- [Task statement]: Look through the listing below and write out exactly the lines from the line with "Диск отрезной по" to the line with "Hôm nay, các", both included, and no others.

- [Available records]:
- - -

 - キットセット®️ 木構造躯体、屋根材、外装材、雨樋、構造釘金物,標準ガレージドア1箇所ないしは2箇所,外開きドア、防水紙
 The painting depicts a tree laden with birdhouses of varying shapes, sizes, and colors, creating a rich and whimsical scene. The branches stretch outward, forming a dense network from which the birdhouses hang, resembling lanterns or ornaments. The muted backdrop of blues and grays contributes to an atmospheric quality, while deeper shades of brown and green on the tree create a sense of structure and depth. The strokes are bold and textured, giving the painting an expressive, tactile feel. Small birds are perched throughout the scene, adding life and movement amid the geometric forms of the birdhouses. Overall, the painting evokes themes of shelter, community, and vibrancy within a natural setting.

- - -

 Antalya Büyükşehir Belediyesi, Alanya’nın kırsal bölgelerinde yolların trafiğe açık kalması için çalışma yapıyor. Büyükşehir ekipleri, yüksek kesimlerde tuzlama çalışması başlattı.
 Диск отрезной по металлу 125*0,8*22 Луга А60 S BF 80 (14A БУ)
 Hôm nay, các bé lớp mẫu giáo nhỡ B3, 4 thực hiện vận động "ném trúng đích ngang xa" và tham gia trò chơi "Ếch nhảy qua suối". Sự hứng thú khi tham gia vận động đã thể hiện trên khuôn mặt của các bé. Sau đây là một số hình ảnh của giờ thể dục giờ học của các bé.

- - -

- [Task answer]:
 Диск отрезной по металлу 125*0,8*22 Луга А60 S BF 80 (14A БУ)
 Hôm nay, các bé lớp mẫu giáo nhỡ B3, 4 thực hiện vận động "ném trúng đích ngang xa" và tham gia trò chơi "Ếch nhảy qua suối". Sự hứng thú khi tham gia vận động đã thể hiện trên khuôn mặt của các bé. Sau đây là một số hình ảnh của giờ thể dục giờ học của các bé.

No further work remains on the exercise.